“The Marriage of a Young Stockbroker” has its moments, and two or three of them are almost worth the price of admission especially before noon. But then a funny feeling creeps up on you about the movie. It reminds you of “The Graduate.” It’s not a remake or a steal, but somehow its key scenes feel similar.
“Marriage” was produced and directed by Lawrence Turman, who produced “The Graduate,” and it is based on a novel by Charles Webb, who wrote “The Graduate.” It is about a young man who has difficulties in asserting himself in a normal relationship with a woman, and it’s only reasonable to assume that Webb’s personal notions on the subject would remain fairly constant during two novels.
Not that it matters all that much; the author of the novel is not the author of the film. If “Marriage” reminds us of “The Graduate,” I wonder if that isn’t because “The Graduate” itself has been absorbed so completely by Turman that he paralleled its structure almost by instinct.
Consider. The protagonists of the two movies live at an angle to the world everybody else inhabits. They have difficulty in expressing themselves coherently, at times. They range from sexual naivete to passionate awkwardness. They are played, respectively, by Dustin Hoffman and Richard Benjamin, two masters of the gulp-and-stutter school of conversation with women. The Graduate has a thing about older women, and the Stockbroker is a bit of a peeping Tom, but at the end, they both run off – literally run off with the women who are healthy for them.
Before they make their escapes, however, there are some feet to be shuffled, blushes to be blushed, unlikely sexual encounters to be encountered. A key scene in “The Graduate” involves Benjamin’s inarticulateness and Mrs. Robinson’s cool toying with him, in the hotel lobby and later upstairs. A key scene in “The Stockbroker” involves Elizabeth Ashley – a Mrs. Robinson surrogate if ever there was one – subtly taunting the voyeuristic Stockbroker by cross-examining him on his “hobby.” Then, both the Graduate and the Stockbroker are abandoned by the girls they love. One runs off to Berkeley, the other to her sister’s house.
There also are similar scenes showing the heroes being seduced by women who will stop at nothing to get their prey. In “The Graduate,” there’s the famous shot of Benjamin framed by Mrs. Robinson’s stocking. He backs against the bedroom door, ready to escape. The Stockbroker is invited into the room of a totally strange girl, has trouble getting his umbrella to stand up against the wall, etc., and then becomes her scarcely willing partner in bed.

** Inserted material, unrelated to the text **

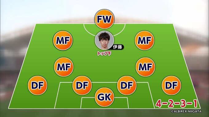 アルビレックス新潟には、伊藤選手と同じ「トップ下」のポジションにMF高木善朗選手がいます。シーズン序盤はその高木選手と入れ替わるようにプレーすることが多かった伊藤選手。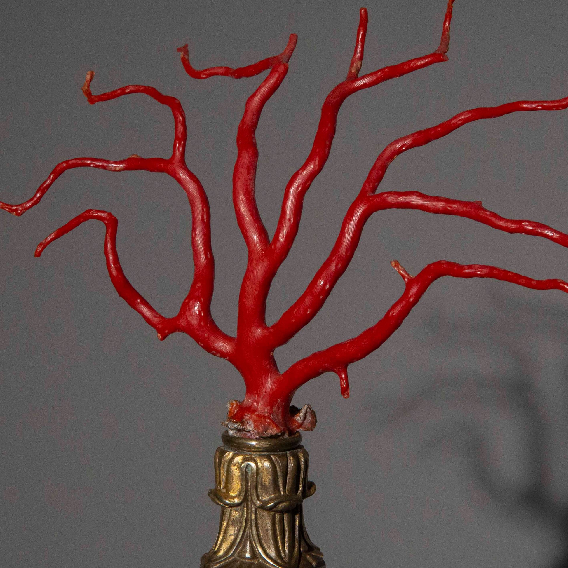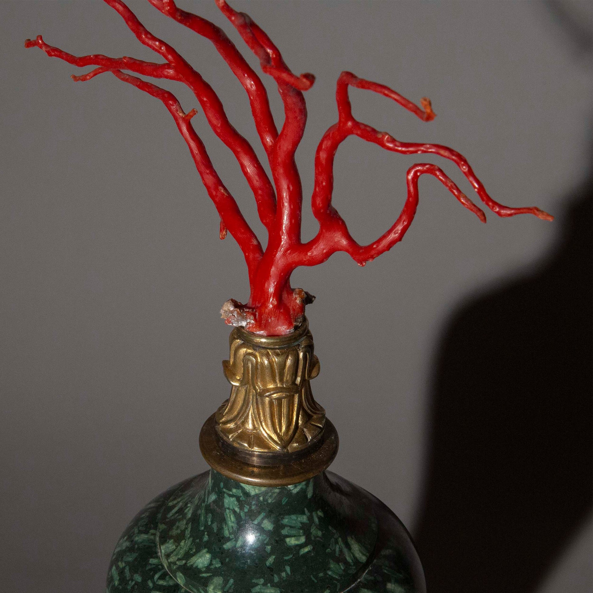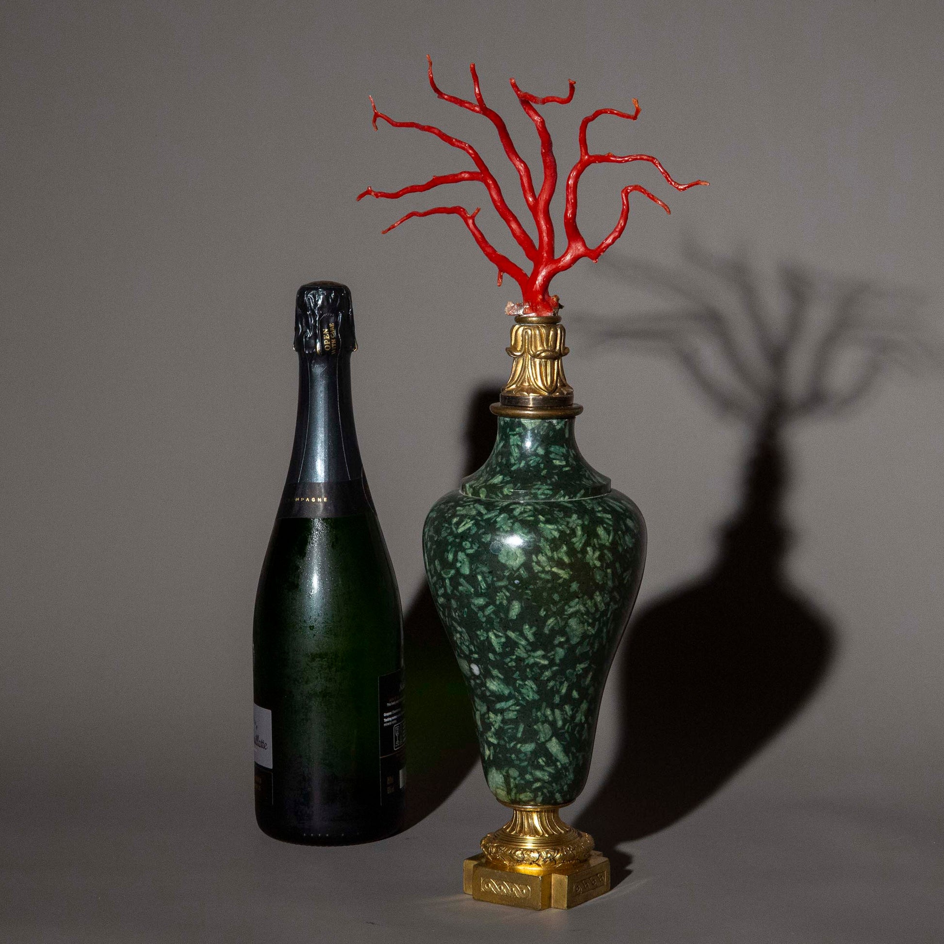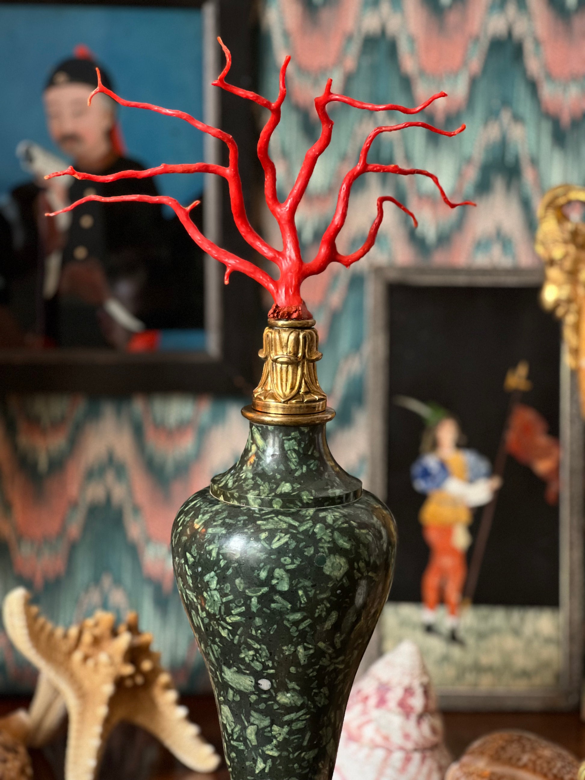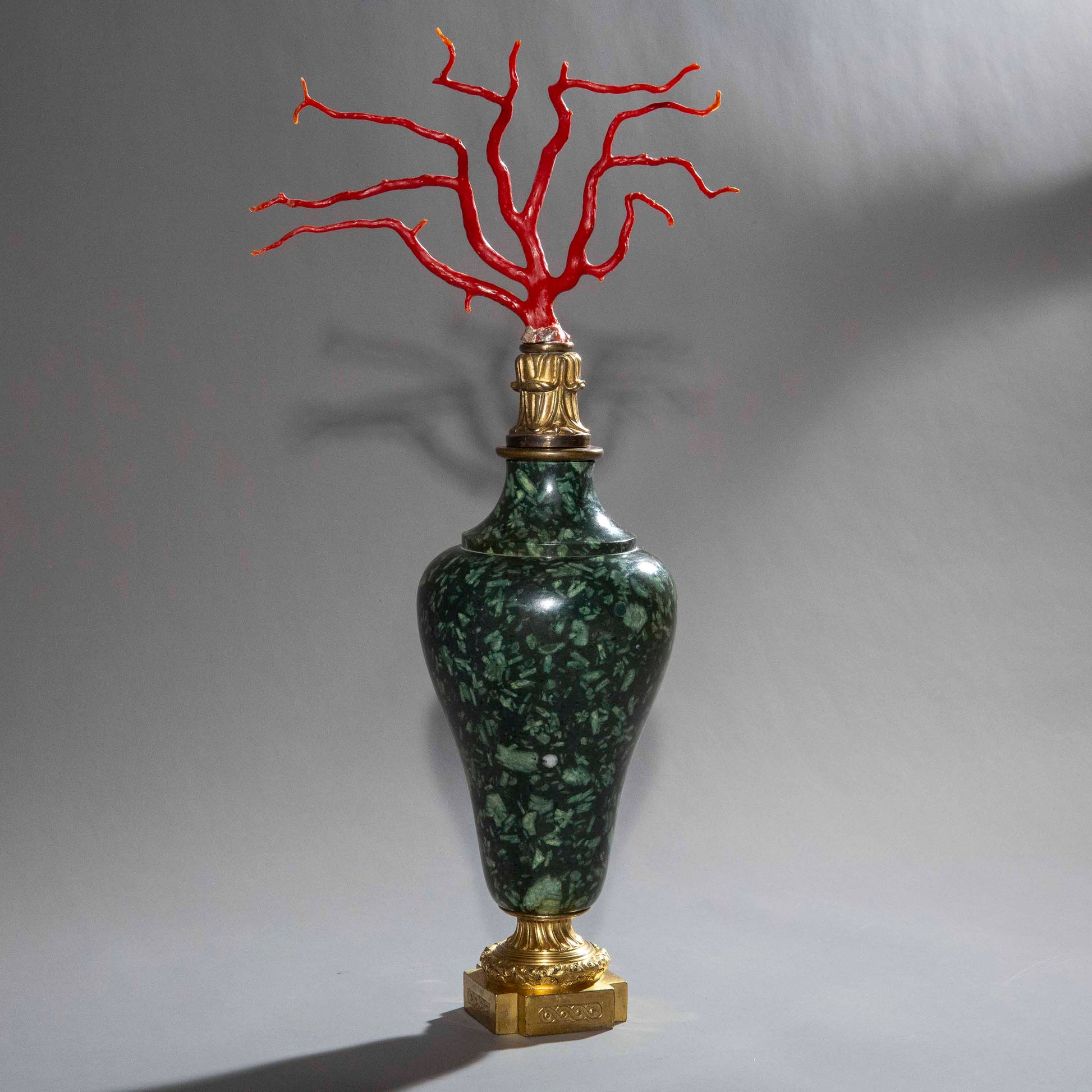 An exceedingly rare and sculptural red Mediterranean coral (Corallium rubrum) tree (i.e. a large single pieces of red coral), presented on an elegant, ormolu-mounted and extremely rare large solid agate-speckled green porphyry (Porfido Verde Agatato) urn. Italy, 18th century and later.

The Stockbroker’s problem is that he loves his wife but has a terrible secret – he’s a voyeur. The Graduate’s problem is that he loves the girl but has a terrible secret – he’s her mother’s lover. The problem is resolved in both films by daring, gloriously romantic anti-social behavior. Benjamin breaks up a wedding, grabs his girl, races down the aisle, and they jump into a municipal bus and ride away.

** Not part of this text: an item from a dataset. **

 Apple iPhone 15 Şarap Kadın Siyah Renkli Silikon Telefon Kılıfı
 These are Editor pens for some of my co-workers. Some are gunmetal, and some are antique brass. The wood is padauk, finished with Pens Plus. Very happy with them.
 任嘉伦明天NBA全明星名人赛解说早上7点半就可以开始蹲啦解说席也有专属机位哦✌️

Fade out. Fade in on “Marriage,” where the stockbroker sneaks into the ladies’ room of a tennis club, grabs his unclad wife from a shower stall, hustles her into a towel closet makes love to her and then – she with only a towel wrapped around her – races from the ladies’ room into his car and drives away with her, the towel flying from the window.
Oh. And the older women in each movie is suitably humiliated at some point. Mrs. Robinson, her hair soaking from the rain, cringes into that corner. The older sister in “Marriage” is pushed flat on her back by her husband, who finally gets fed up.
So what happens, when you think about it fairly cold-bloodedly, is that Turman has tried to repeat his earlier success by including the same key ingredients and scenes – probably unconsciously. Young man, older woman, embarrassment. Young man, young woman, lack of communication. Young man, sexually experienced woman, awkward seduction. Older seductress punished for her transgression. Young lovers flout convention, escape establishment, motor into sunset.
The reason “Marriage of a Young Stockbroker” doesn’t work, I imagine, is that it doesn’t start from scratch in getting into the mind of its protagonist. It refers psychologically to “The Graduate,” which gives it an uncertain over-the-shoulder feel. Another problem is that Richard Benjamin is unpleasantly mannered, while Dustin Hoffman was engagingly mannered. Benjamin has played essentially the same creep in “Goodbye, Columbus,” “Diary of a Mad Housewife” and now this.